Effect of various nanoparticle values fraction ϕ on (a) and (b) for \(\pmb{\mathit{Gr}_{t} = 0.2}\) , \(\pmb{\mathit{Ha} = 0.2}\) , \(\pmb{\mathit{Gr}_{c} = 0.2}\) , \(\pmb{N_{T} = 0.01}\) , \(\pmb{\mathit{Pr} = 7}\) , \(\pmb{\mathit{N_{b}} = 0.01}\) , \(\pmb{\gamma= 1}\) , \(\pmb{\mathit{Sc} = 1}\) and \(\pmb{\xi= 0.5}\) .

Figure 2

Effect of various nanoparticle values fraction ϕ on (a) and (b) for \(\pmb{\mathit{Gr}_{t} = 0.2}\) , \(\pmb{\mathit{Ha} = 0.2}\) , \(\pmb{\mathit{Gr}_{c} = 0.2}\) , \(\pmb{N_{T} = 0.01}\) , \(\pmb{\mathit{Pr} = 7}\) , \(\pmb{\mathit{N_{b}} = 0.01}\) , \(\pmb{\gamma= 1}\) , \(\pmb{\mathit{Sc} = 1}\) and \(\pmb{\xi= 0.5}\) .

Figures 1-4 illustrate the effect of the nanoparticle volume fraction ϕ on the velocity, temperature and concentration profiles, respectively, in the case of a Cu-water nanofluid. It is clear that as the nanoparticle volume fraction increases, the nanofluid velocity and the temperature profile increase while the opposite trend is observed for the concentration profile. Increasing the volume fraction of nanoparticles increases the thermal conductivity of the nanofluid, and we observe that thickening of the thermal boundary layer and the velocity in the case of an Ag-water nanofluid are relatively less than in the case of a Cu-water. We also note that since the conductivity of silver is higher than that of copper, the temperature distribution in the Ag-water nanofluid is higher than that in the Cu-water nanofluid. With increase in the nanoparticle volume fraction, the concentration boundary layer thickness increases for both types of nanofluids considered, and the opposite trend is observed when the concentration profile decreases.

Figure 3 shows that the skin friction coefficient \(-f''(0,\xi)\) increases monotonically with increasing ξ. The result is true for both types of nanofluids.
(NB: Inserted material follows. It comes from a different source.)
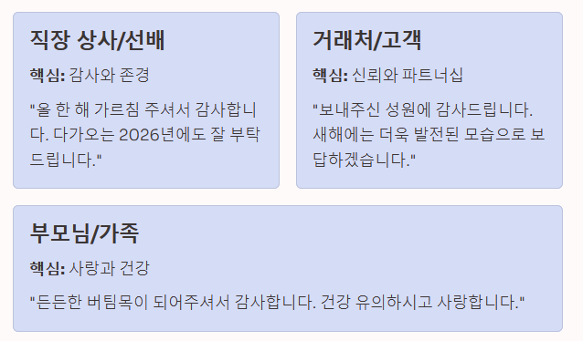 | 직장 상사/선배 | 존경, 감사, 지도편달 | "팀장님, 올 한 해 많은 가르침 주셔서 감사합니다. 덕분에 업무뿐만 아니라 많은 것을 배울 수 있었습니다. 남은 연말 따뜻하게 보내시고, 다가오는 2026년에도 잘 부탁드립니다." |

The minimum value of the skin friction in the case of the Cu-water nanofluid is achieved at a smaller value of ξ in comparison with the Ag-water nanofluid. Furthermore, in this paper it is found that the Ag-water nanofluid shows higher drag as compared to the Cu-water nanofluid. The dimensionless wall heat transfer rate and the dimensionless wall mass transfer rate are shown as functions of ξ in Figure 4(a) and (b), respectively. We observe that the wall heat transfer rate \(-\theta'(0,\xi)\) decreases, while the opposite trend is observed in the case of the wall mass transfer rate \(-\Phi'(0,\xi)\). The Cu-water nanofluid exhibits higher wall heat transfer rate as compared to the Ag-water nanofluid, while the opposite trend is observed for the wall mass transfer rate. The presence of nanoparticle tends to increase the wall heat transfer rate and to decrease the wall mass transfer rate with increasing the values of dimensionless variable ξ.
Figure 3

Effect of various nanoparticle values fraction ϕ on skin friction coefficient for \(\pmb{\mathit{Gr}_{t} = 0.2}\) , \(\pmb{\mathit{Ha} = 0.2}\) , \(\pmb{\mathit{Gr}_{c} = 0.2}\) , \(\pmb{N_{T} = 0.01}\) , \(\pmb{\mathit{Pr} = 7}\) , \(\pmb{\mathit{N_{b}} = 0.01}\) , \(\pmb{\gamma= 1}\) and \(\pmb{\mathit{Sc} = 1}\) .

Figure 4

Effect of various nanoparticle values fraction ϕ on (a) and (b) for \(\pmb{\mathit{Gr}_{t} = 0.2}\) , \(\pmb{\mathit{Ha} = 0.2}\) , \(\pmb{\mathit{Gr}_{c} = 0.2}\) , \(\pmb{N_{T} = 0.01}\) , \(\pmb{\mathit{Pr} = 7}\) , \(\pmb{\mathit{N_{b}} = 0.01}\) , \(\pmb{\gamma= 1}\) and \(\pmb{\mathit{Sc} = 1}\) .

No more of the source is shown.